Finding Outliers - Simple Statistical Way

Outliers? Why do we need them?
Too big or too small value is outlier in statistics. We need to consider outliers separately for good business decisions and beautiful graphs. Business decisions are mostly taken around (a) most frequent case OR around center of the population and (b) exceptions i.e. outliers and they are far away points from the center. My take is outliers should never be rejected from data but be treated as special cases for further analysis. Outliers may open new doors of possibilities.
The most common way to find an outlier is by using quartiles or percentiles. Quartile 1(Q1) == 25th Percentile,Quartile 2(Q2) == Median == 50th Percentile & Quartile 3(Q3) == 75th Percentile.
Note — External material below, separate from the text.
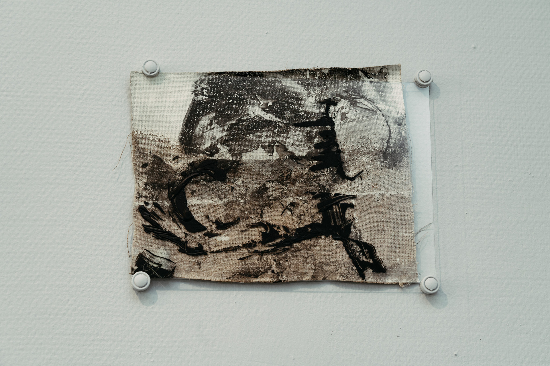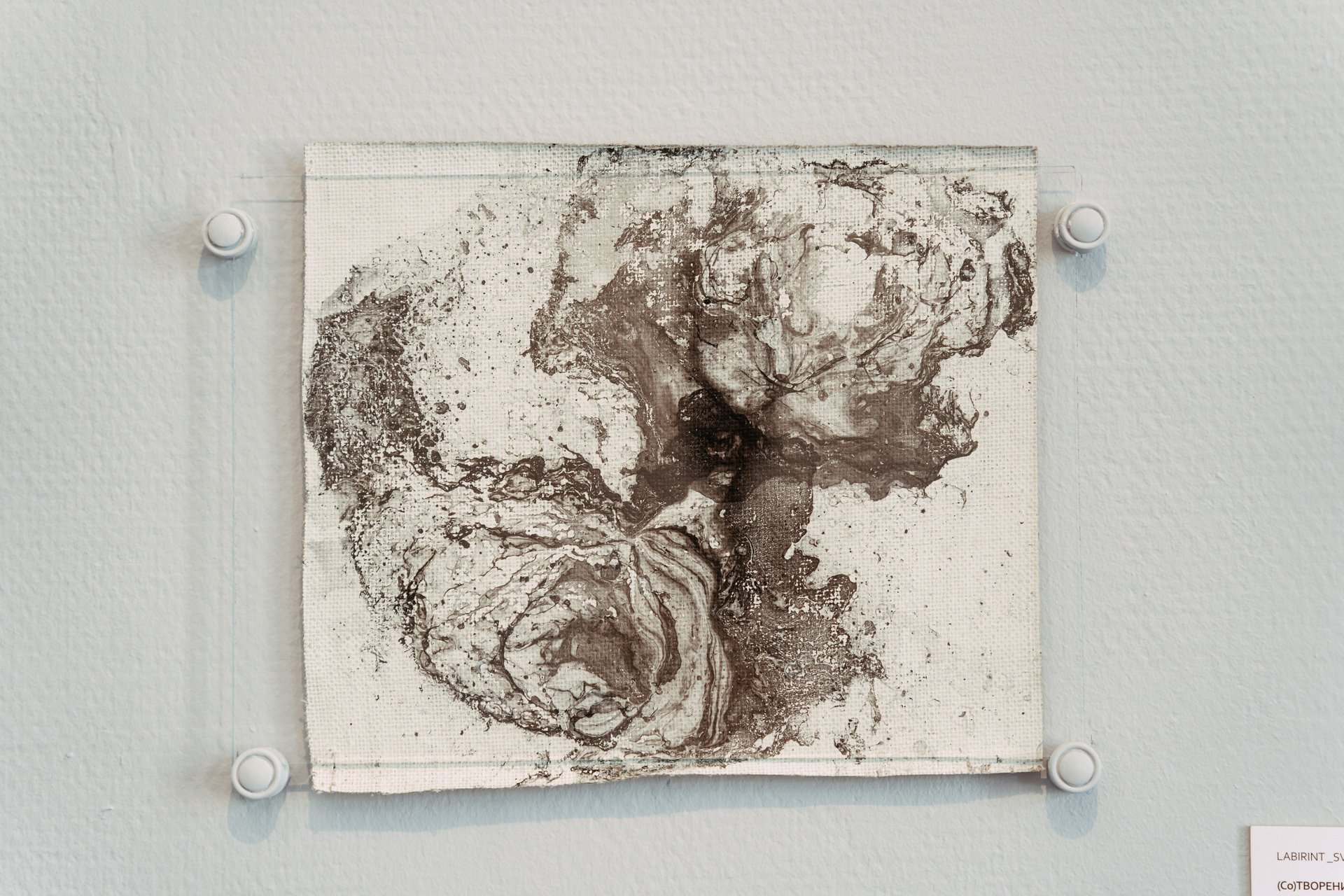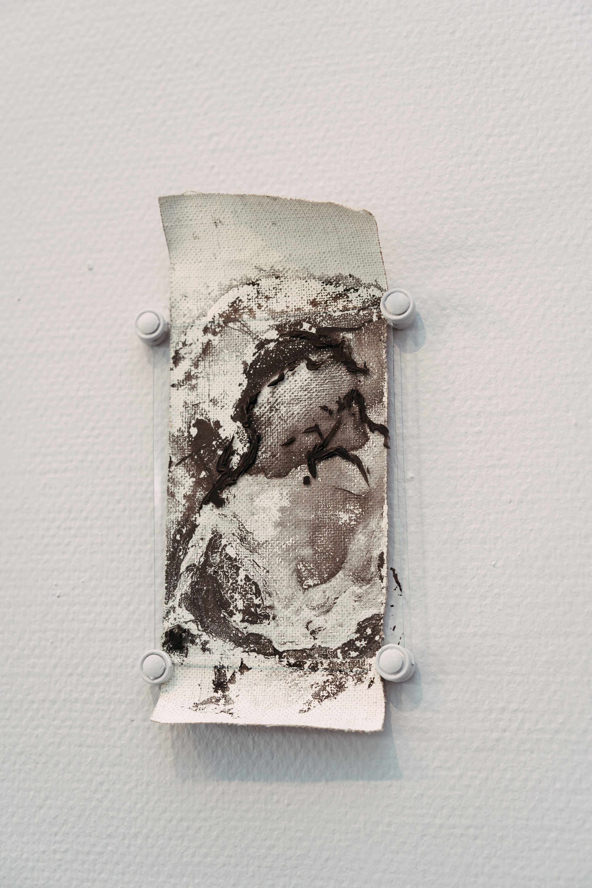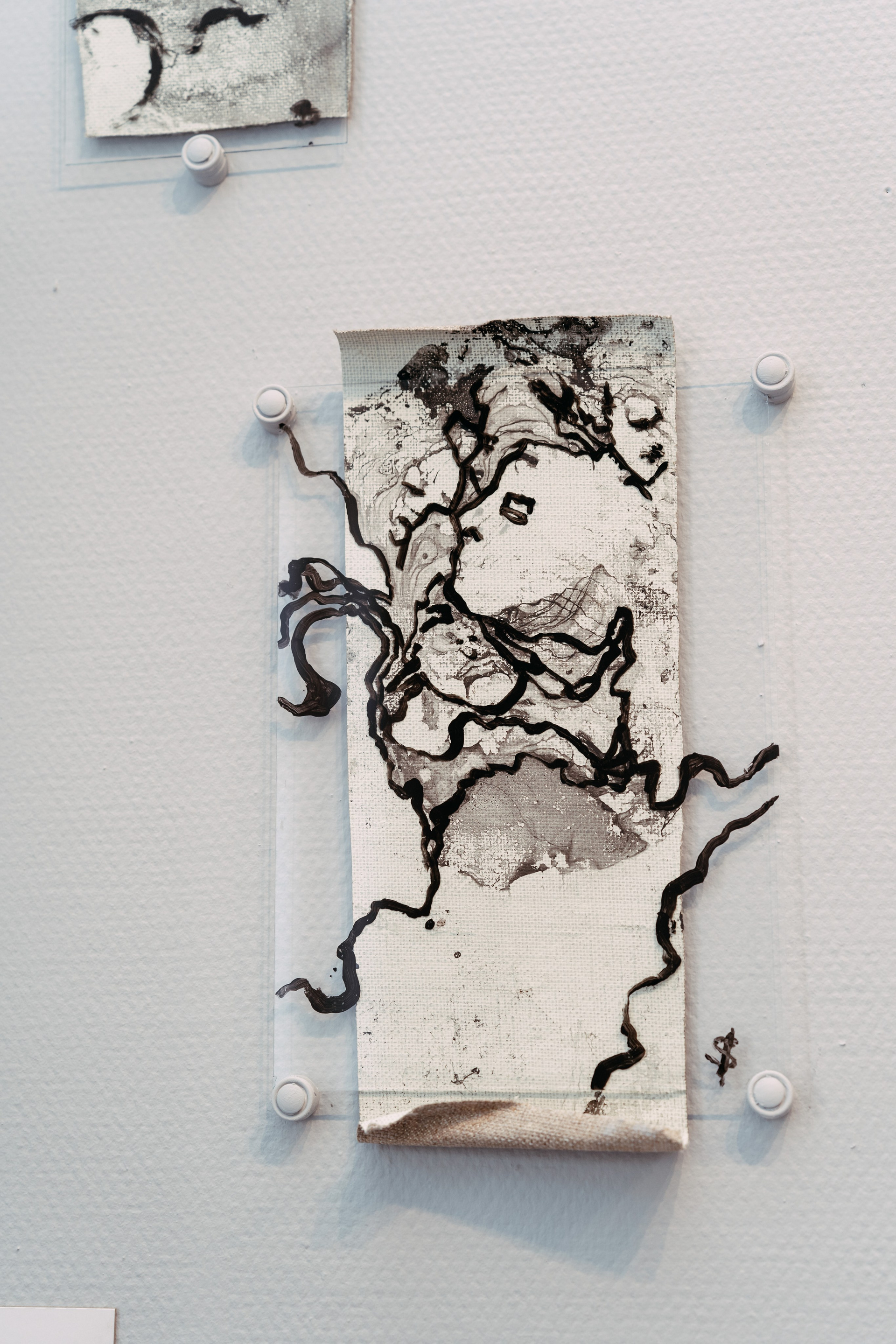 The process of Co-Creation is embodied in the materials and techniques chosen for this series: aged canvases, their grounds flaking and crumbling like the artist’s own strengths and vulnerabilities, now absorb abstract stains from the surface of water — revealing hidden forms and meanings as if drawn from the unseen. The paint does not impose; it responds. The canvas does not resist; it remembers. And in this quiet surrender, something greater than the artist emerges — not as control, but as revelation.
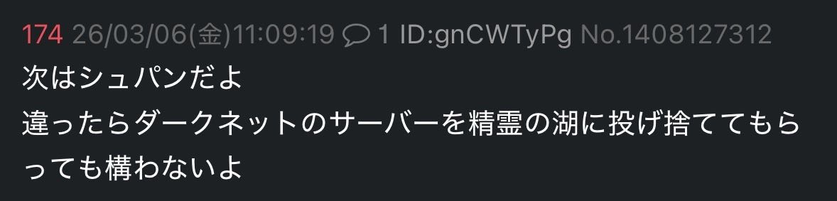 | … | 28926/03/07(土)11:01:22 ID:fjpZPvg.No.1408416764+「」ミーは三か月前にシュパンがくるって言ってたもん! ホントだもん! |

To find out the accepted data range we need to find the spread of the data and most of the times it is done using either by Standard Variation or by IQR(Interquartile Range) i.e. (Q3-Q1) in simple way. Below figure gives the simple formula to find the outlier.
In simplest way any data point which is out of the (Q1 - 1.5 * IQR) and (Q3 + 1.5 * IQR) they can be treated for outlier analysis. There are many other methods but this one makes most sense based on common business analysis. This 1.5 is statistically negotiated value i.e. constant.